Version / environment

  • ecluse 0.3.1
  • process_manager = "tmux"
  • macOS 14, zsh
  • Stack: pnpm workspace with Cloudflare's @cloudflare/vite-plugin (the plugin opens additional internal sockets beyond --port)

Reproduction

# Repo has [[services]] entries like:
#   [[services]]
#   name = "backoffice-app"
#   base_port = 7300
#   port_env = "ECLUSE_BACKOFFICE_APP_PORT"
#   command = "pnpm --filter backoffice-app exec vite --port \$ECLUSE_BACKOFFICE_APP_PORT"

ecluse up feat-a
ecluse up feat-b
ecluse up feat-c
ecluse up feat-d

# Snapshot ecluse-tracked PIDs:
for s in feat-a feat-b feat-c feat-d; do
  echo "=== $s ==="
  cat .ecluse/pids/$s/backoffice-app.pid
done
# All point at the outer pnpm wrappers, e.g. PID 89891.
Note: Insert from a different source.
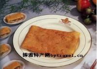制作工世精细,小锅饼一直面名于山东江苏等地,形以蘑菇,大小如盘,中心薄,周围厚,中间压一“十”字,一饼可分四瓣,饼面色董红,富有光泽,入口酥脆,既香又甜,是旅游携带的方便食品。又是馈送亲友的风味佳品。( 日照)
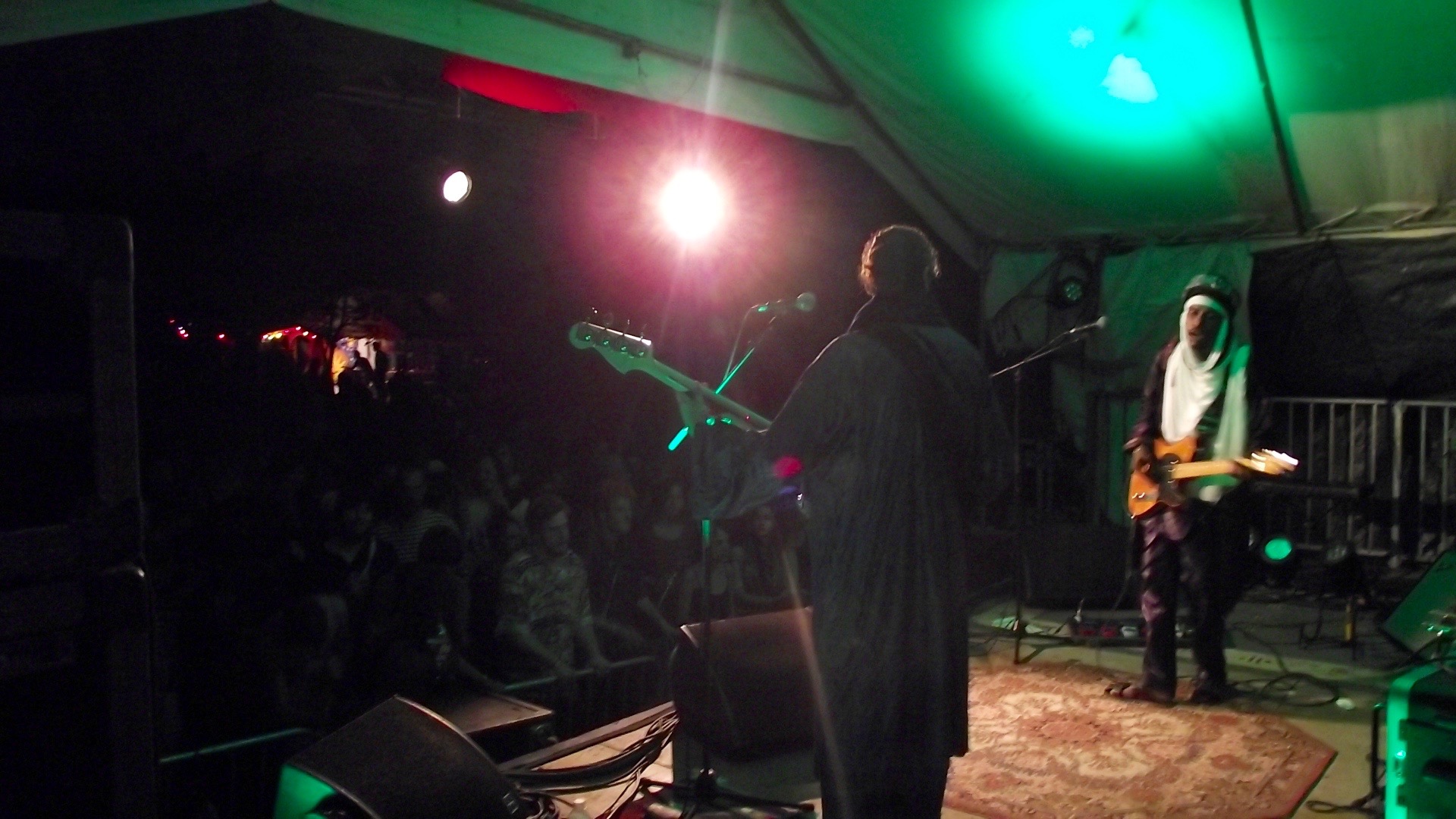Il y a la grande scène qui accueille les têtes d’affiche et les groupes les plus énergiques. De là, le public a une vue en contre-plongée sur les musiciens déchaînés et la scène ornée d’ailes et recouverte de vieux tapis persans. Les plus téméraires peuvent s’y élancer pour des slams plutôt périlleux. Cette année, la scène a notamment accueilli le groupe français Cheap Wine, les anglais Hanami (présents depuis la 1ère édition du CDF) ou encore le groupe nigérien Ezza. Ezza est d’ailleurs mon petit coup de coeur. Mélange de musique touareg, africaine, groove et rock aux accents trans, ils ont déjà parcouru de nombreuses villes et c’était une fierté de les avoir avec nous. Puis Il y a la petite scène, me faisant penser à une cabane dans les arbres, qui permet une plus grande proximité entre le public et les artistes, idéale pour des concerts acoustiques comme le Breton Erwan Le Gall et sa guitare ou le groupe de bluegrass Old Moonshine Band. C’est aussi cette scène qui accueille chaque soir le dj set, certainement un des éléments les plus distinctifs de ce festival. Face au public déchaîné qui a tout sauf envie de se coucher à la fin des concerts, les organisateurs ont su réinventer les codes du dancefloor. Jusqu’au petit matin (officieusement jusqu’à ce qu’il n’y ait plus personne qui tienne sur ses deux jambes), des artistes et collectionneurs de vinyles passent aux platines, mixant les enchaînements funk, disco et soul, rendant le public complètement fou. C’est une autre manière pour la bande de copains de partager leurs petites perles musicales.

# Snapshot what actually binds the configured 73xx ports:
pgrep -fl "vite.js --port" | head
# Output shows:
#   90252 node ./node_modules/.bin/../vite/bin/vite.js --port 7301   <- slot 1's actual vite
#   92855 node ./node_modules/.bin/../vite/bin/vite.js --port 7302   <- slot 2's
#   ... etc
# Note: PIDs are very different from the recorded .pid values — the recorded
# PID is the outer pnpm; the vite PID is a grandchild.

# Tear down all four:
for s in feat-a feat-b feat-c feat-d; do ecluse down "$s" --keep-worktree; done

# Check what survived:
pgrep -fl "vite.js --port" | head
# Result: vite grandchildren may still be running, e.g.:
#   81906 node ./node_modules/.bin/../vite/bin/vite.js --port 7299
# (Note port 7299 — this one auto-bumped from a previous startup retry and
# is now holding 8 ports across multiple slots' ranges.)

# Try ecluse flush — even this leaves the orphan alive:
ecluse flush --yes
pgrep -fl "vite.js --port"
#   81906 node ./node_modules/.bin/../vite/bin/vite.js --port 7299   <- still alive!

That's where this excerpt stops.